The SC said a free press is the heart and soul of political intercourse and is a public educator, but this freedom is not absolute and cannot be used by the media to cause injury to an individual’s precious reputation.
The court said that the press has to also observe reasonable restrictions and its purpose is to advance the public interest by publishing facts and opinions without which a democratic electorate cannot make responsible judgements.
The court said that the reputation of an individual was an equally important right and stood on the same pedestal as free speech.
The court held the criminalization of defamation to protect individual dignity of life and reputation is a reasonable restriction on the fundamental right of free speech and expression.
The right to reputation is a constituent of Article 21 of the Constitution.
It is an individual’s fundamental right.
It is also a human right. Cumulatively, it serves social interest.
Upholding defamation provisions do not silence free speech.
The court observed that deliberate injury to the reputation of an individual is not a mere private wrong, worth only a civil case for damages.
Defamation is a crime committed against society at large and the state has a duty to redress the hurt caused to its citizen’s dignity.

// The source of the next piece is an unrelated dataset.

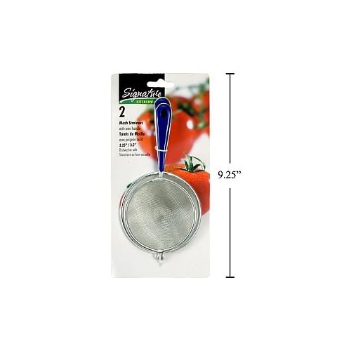 - Top quality fine mesh makes this strainer set as ideal for skimming light stock & fruit pulp as it is for draining super heavy loads of pasta and other weighty food materials.- Strong 15 lb stainless steel construction combined with an attractive stylish look makes these fine mesh strainers perfect for both professional kitchen performance and optimal kitchen appearance.- Convenient hanging holes on each of the fine mesh strainers make for quick and easy storage / access, on home and commercial kitchen storage racks.- Long handles on these worry-free stainless steel fine mesh strainers leave you assured that these strainers are as safe in a dishwasher as they are over a burning stove. - Enjoy hands-free straining using the broad, mirrored brims that comfortably sit on top of pots and other similar broth and fluid catching objects.the 2 Pieces Mesh Strainers with Wired Handles - 3.25 x 3.5 Inches Versatile and engineered for superior drainage, this product offers everything you need from a space saver kitchen strainer: wash or rinse fruits, vegetables, berries, herbs, meats and more. Drain pasta, rice or canned foods. 6-quart capacity makes large cooking jobs go faster. Optimal performance characteristics tested and certified. 2 Pieces Mesh Strainers with Wired Handles - 3.25 x 3.5 Inches is best for youFine mesh for thorough straining of juice, tea, and spiced drinks.

Nobody has a right to denigrate others’ right to person or reputation. Interest of the people involved in the acts of expression should be looked at not only from the perspective of the speaker but also the place at which he speaks, the scenario, the audience the reaction of the publication, the purpose of the speech and the forum in which the citizen exercises his freedom of speech and expression.
Constitutional validity of criminal defamation, the SC also rejected demands to strike down Section 199(2) to (4) of the Cr.PC.
The court rejected the argument that this section creates a separate class. It also dismissed the contention that the classification enumerated in this provision has no rationale and does not bear constitutional scrutiny.
The provision in the Cr.PC allows public servants to file a complaint in a sessions court through a public prosecutor for alleged defamatory comments on their official acts.
The court said the right of a public servant, under Cr.PC 199(2) to (4), to file defamation complaint is over and above his or her right under Section 199(6) to personally file a complaint before magistrate.
Section 199(6) gives to a public servant what every citizen has as he cannot be deprived of a right of a citizen. There can be cases where sanction may not be given by the State Government in favour of a public servant to protect his right and, in that event, he can file a case before the magistrate under section 199(2) to (4).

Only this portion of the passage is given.